The higher rainfall is a function of higher temperatures, Phillips explained: for every 1 C increase in temperature, the atmosphere can hold eight per cent more moisture. “This is the kind of fuel that drives extreme weather,” he said.
And the higher temperatures, globally, can be traced to rising levels of carbon dioxide and other greenhouse gases in the atmosphere. “The evidence is irrefutable. The world is warming up faster and warmer now, and our fingerprints are all over it,” Phillips said.
So, what is his forecast for the future? “Warmer. Wetter. Wilder,” said Phillips, noting that gardeners in particular will “live and experience the changes,” both new threats and new opportunities.
The changing climate will bring less snow cover in winter — damaging plants that rely on the snow for protection. Gardeners and farmers can expect to see a longer growing season, that will favour crops and plants that until now couldn’t survive or thrive in Canada — but also longer and more frequent droughts that could devastate Western grain yields, higher temperatures, more insect and disease pests, more invasive species.
Milder winters have allowed the deer tick to spread and overwinter, posing a serious threat of Lyme disease.
Migrating birds may miss the insect hatches that provided foods; pollinators, the blooms.
“It really is a package deal,” said Phillips. “You can’t take the warmth, without the other aspects… This is a fundamental change to our climate. What doesn’t occur any more is ‘normal’, and what are all our policies based on? Normal weather.”
He called not only for mitigation of climate change, by weaning society off fossil fuels — “We certainly can’t keep burning them at the rate we do,” he said — but also by adapting to the changing conditions.
Even with greater emphasis on renewable energy, the global warming trend is likely to continue for decades, he said; the best people can do is “prepare for it."
That includes preventing construction in flood-prone areas, rebuilding wetlands to cushion the impact of flooding, redesigning infrastructure that was built to handle “normal” conditions, and helping people “live better with the climate we’ve got, and the climate we’re going to get.”
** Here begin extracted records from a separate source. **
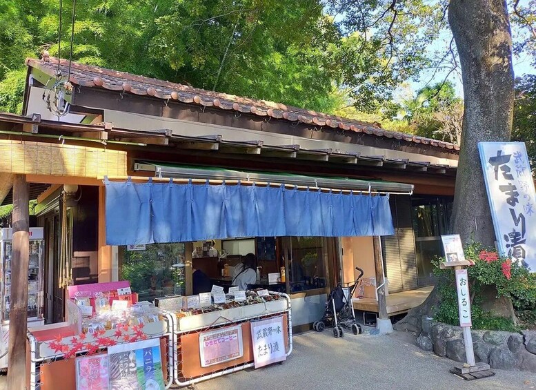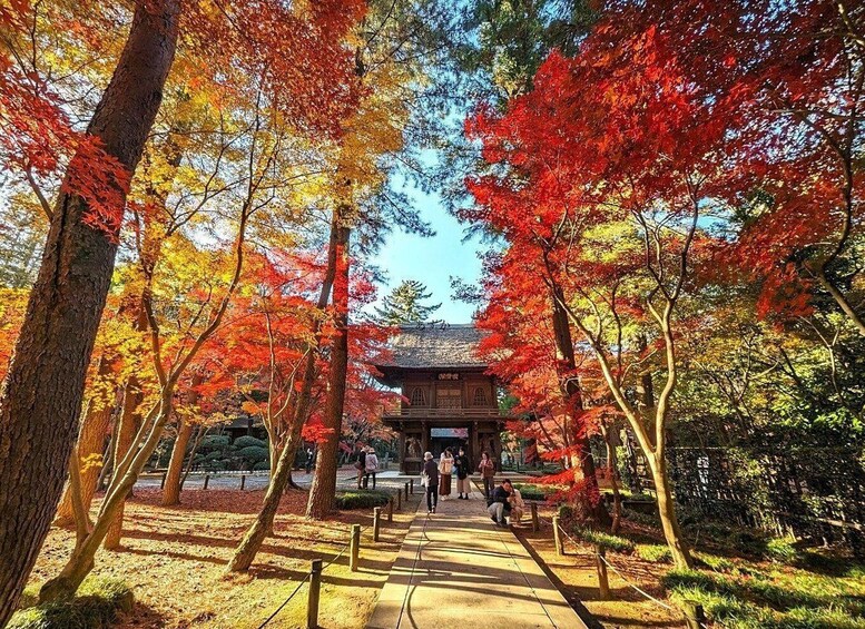 After exploring the historic temple and its maple-lined paths, unwind at the charming forest café Hirune no Mori Chuei — a hidden retreat surrounded by tall trees where you can enjoy tea, handmade Japanese sweets, or light soba and udon dishes.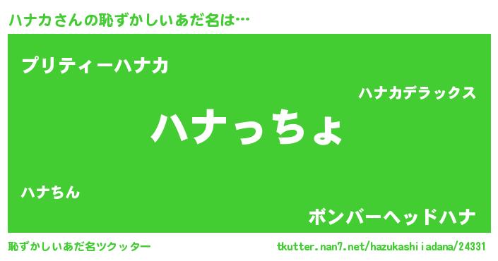 | 意味不明あだ名 | 『ハナカフォーエバー』『ペロリンハナカ』 |
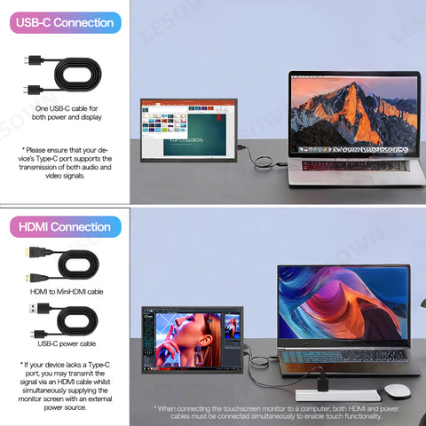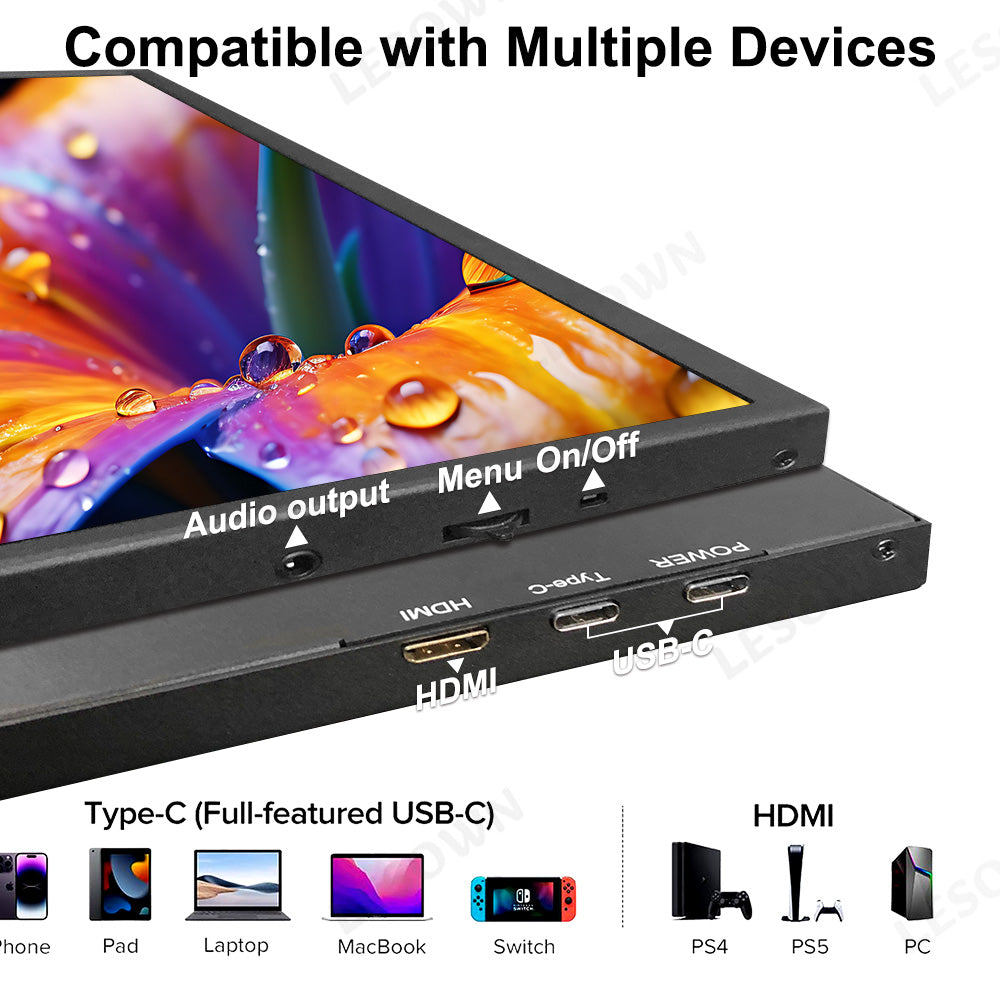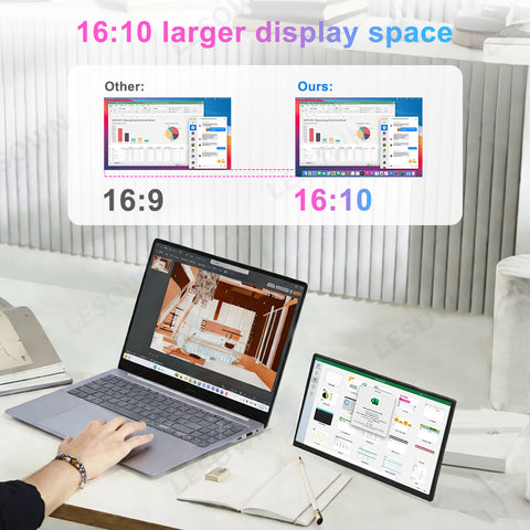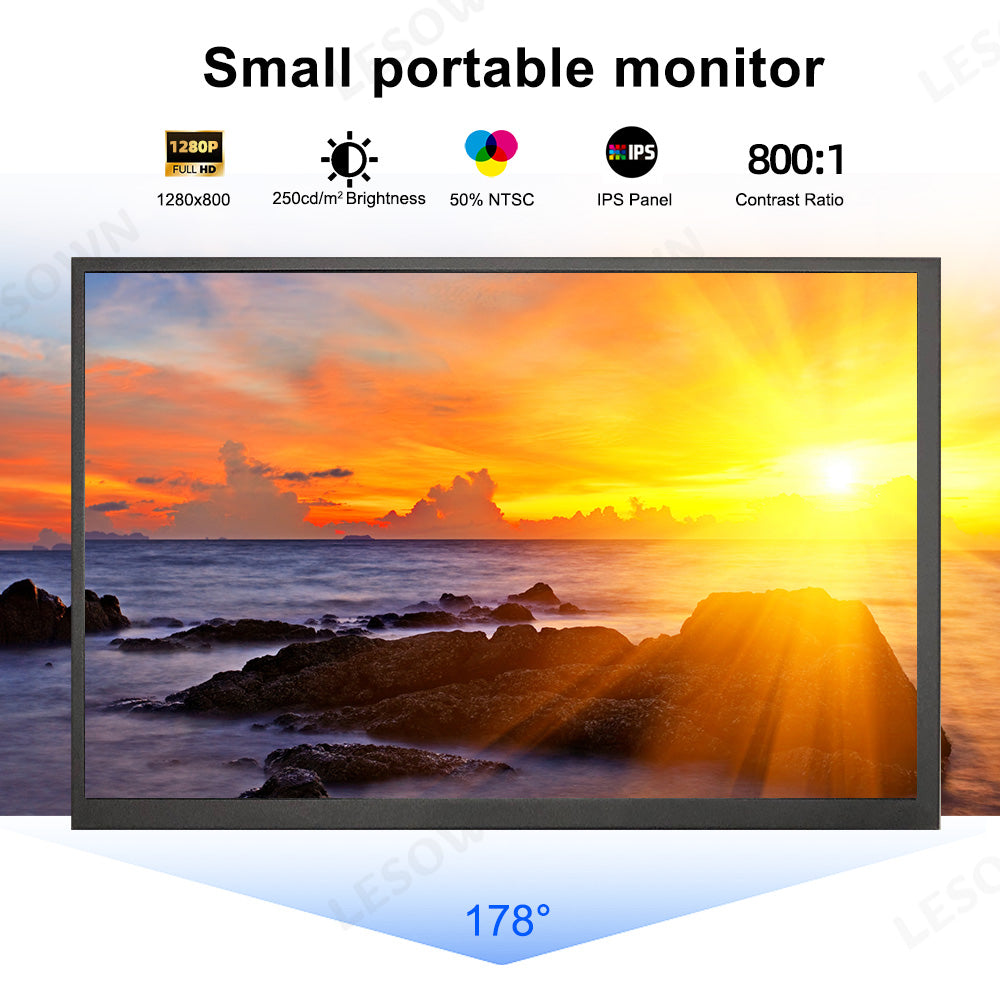 LESOWN P101DP P101DP-T 10.1inch 1280x800 IPS LCD Portable Display Mini Secondary Monitor USB‑C Side Screen Compact Display for Laptop Plug & Play

Gardeners can lead the way, by encouraging and developing green space, rain gardens, and planting more trees to increase the shade canopy, he said, noting that backyard gardens make up 50 percent of green space in urban settings.
Climate change is impacting the weather, Phillips concluded. “This year, they had thunder and lightning at the north pole,” he said.
“If we called it ‘atmospheric terrorism,’ we’d have it nailed.”